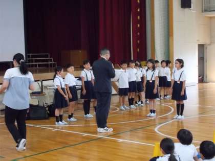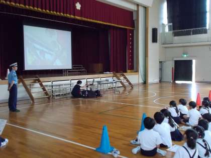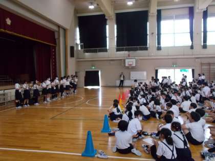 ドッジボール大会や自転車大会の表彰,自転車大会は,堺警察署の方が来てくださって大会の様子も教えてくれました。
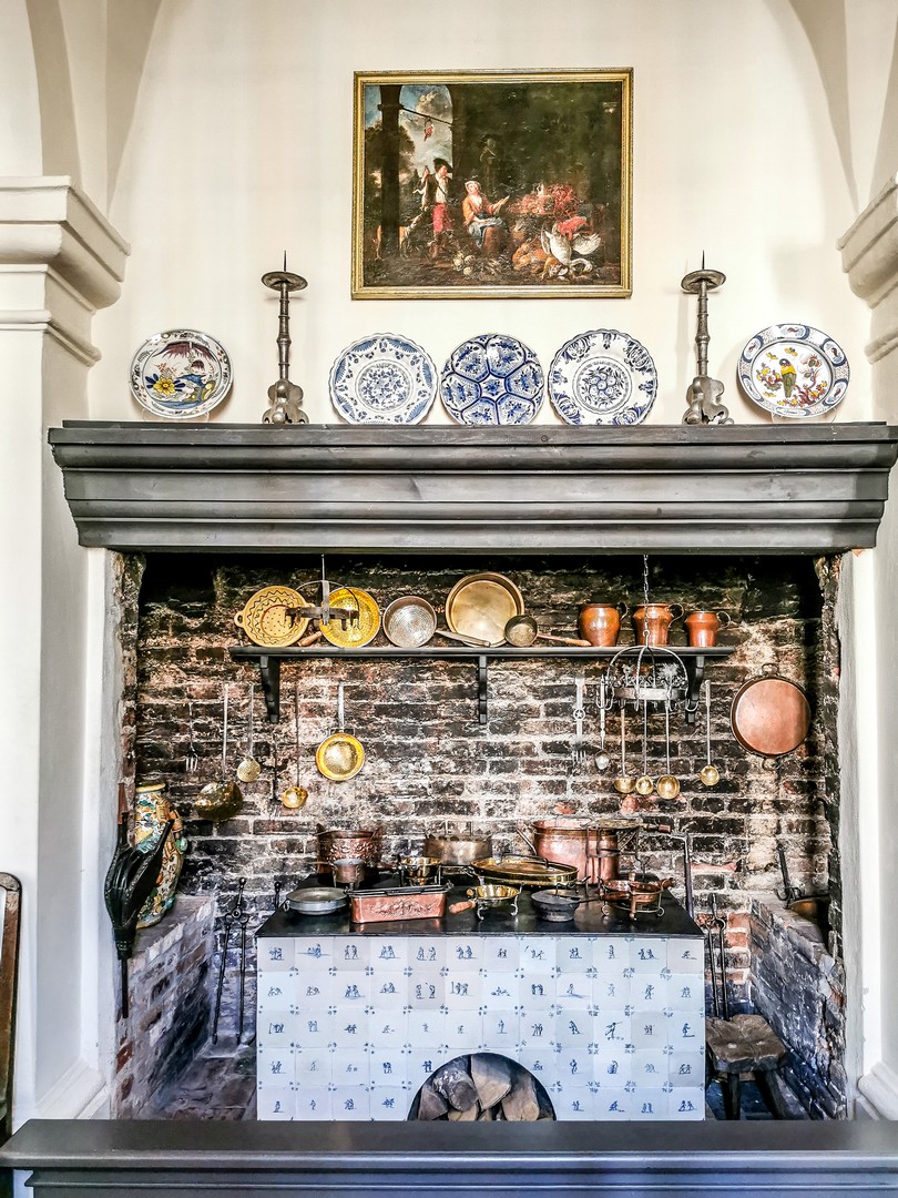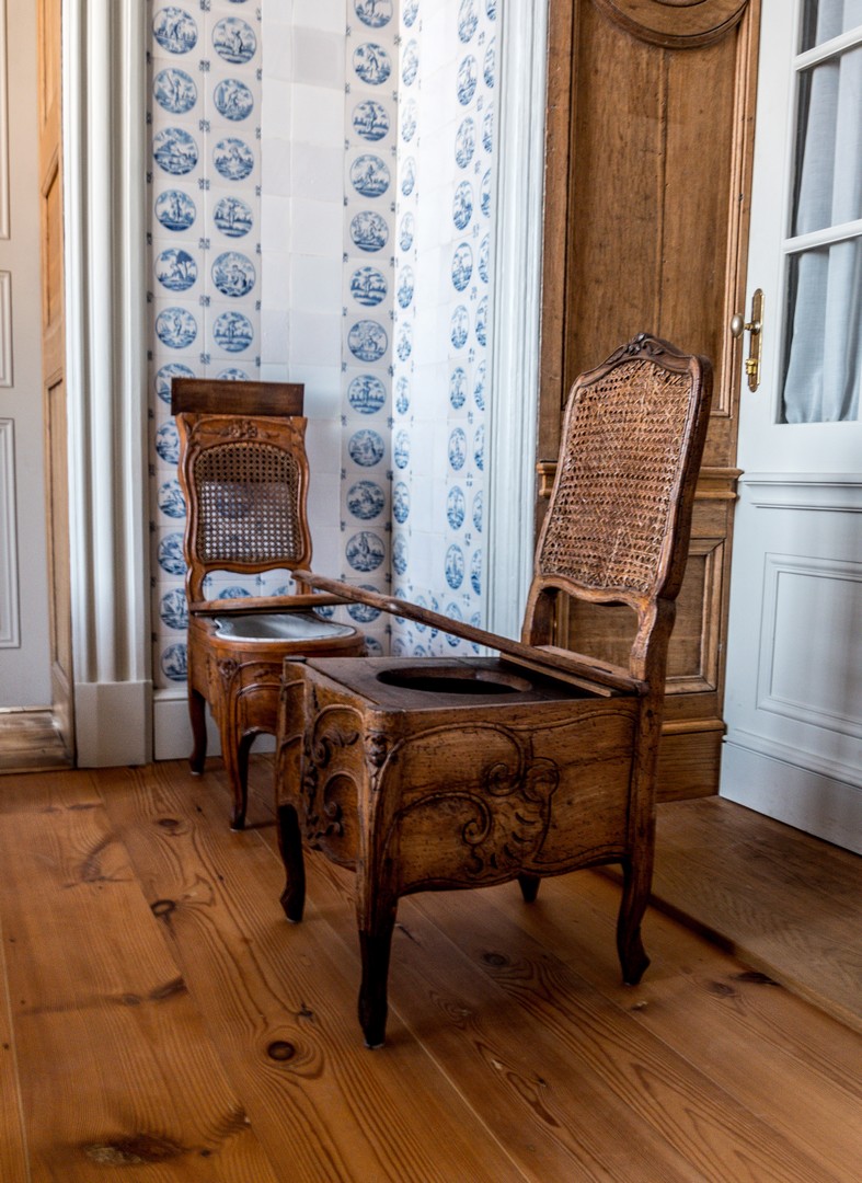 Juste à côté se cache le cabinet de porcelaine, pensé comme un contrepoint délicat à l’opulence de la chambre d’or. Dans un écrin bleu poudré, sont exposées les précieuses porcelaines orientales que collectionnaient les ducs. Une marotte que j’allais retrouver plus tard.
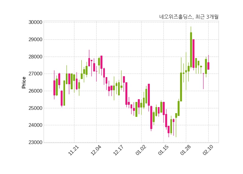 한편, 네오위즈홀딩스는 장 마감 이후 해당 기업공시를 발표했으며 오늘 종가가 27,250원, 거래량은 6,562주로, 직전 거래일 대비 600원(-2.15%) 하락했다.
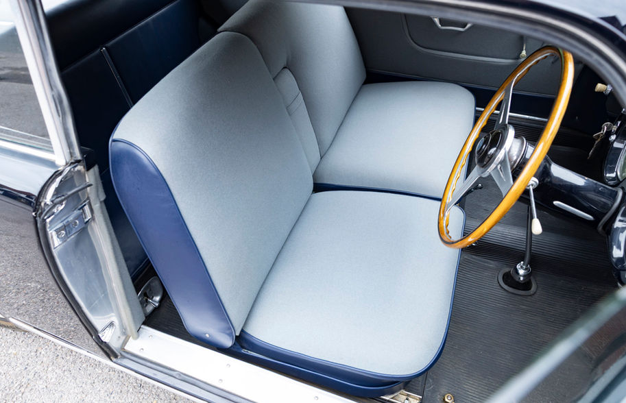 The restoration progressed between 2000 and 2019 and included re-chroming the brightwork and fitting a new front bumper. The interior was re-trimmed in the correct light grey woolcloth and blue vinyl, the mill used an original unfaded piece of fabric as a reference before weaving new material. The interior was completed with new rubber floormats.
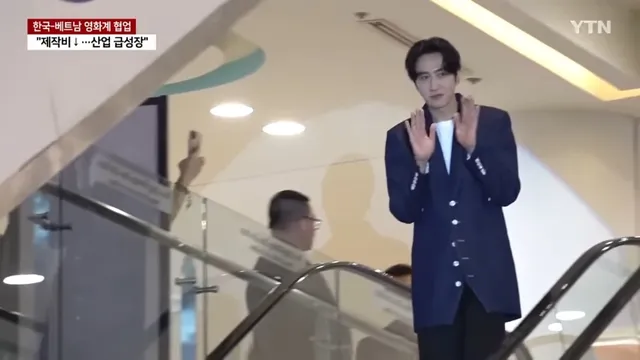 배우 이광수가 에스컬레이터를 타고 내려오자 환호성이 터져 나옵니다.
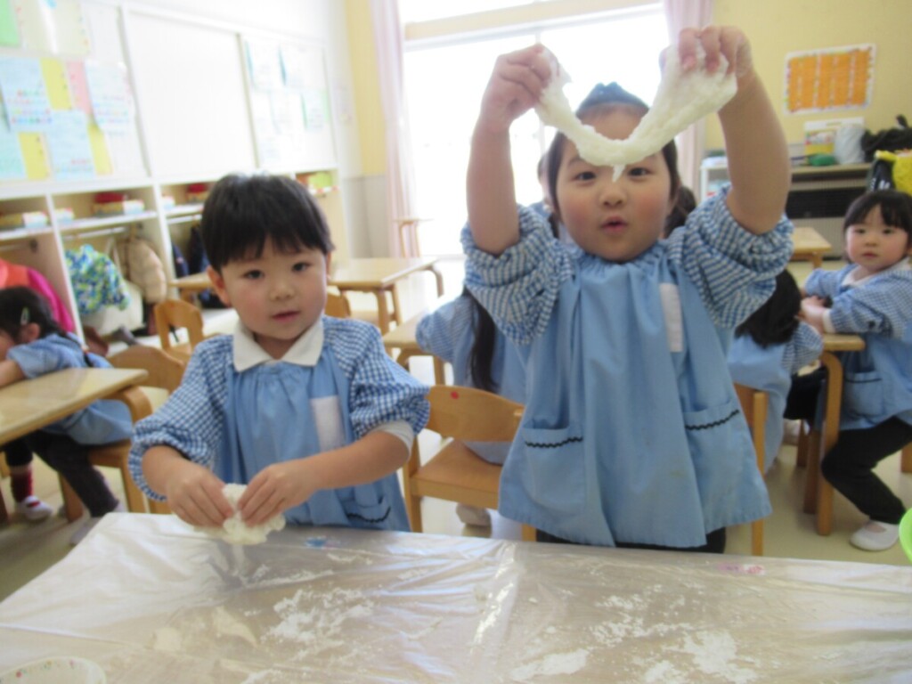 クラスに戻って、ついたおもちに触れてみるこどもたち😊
#####
Task objective ▸ Each line from the one with "Juste à côté" to the last line of the listing should be returned exactly, both ends included, and no picture with them.

Output for this task ▸
 Juste à côté se cache le cabinet de porcelaine, pensé comme un contrepoint délicat à l’opulence de la chambre d’or. Dans un écrin bleu poudré, sont exposées les précieuses porcelaines orientales que collectionnaient les ducs. Une marotte que j’allais retrouver plus tard.
 한편, 네오위즈홀딩스는 장 마감 이후 해당 기업공시를 발표했으며 오늘 종가가 27,250원, 거래량은 6,562주로, 직전 거래일 대비 600원(-2.15%) 하락했다.
 The restoration progressed between 2000 and 2019 and included re-chroming the brightwork and fitting a new front bumper. The interior was re-trimmed in the correct light grey woolcloth and blue vinyl, the mill used an original unfaded piece of fabric as a reference before weaving new material. The interior was completed with new rubber floormats.
 배우 이광수가 에스컬레이터를 타고 내려오자 환호성이 터져 나옵니다.
 クラスに戻って、ついたおもちに触れてみるこどもたち😊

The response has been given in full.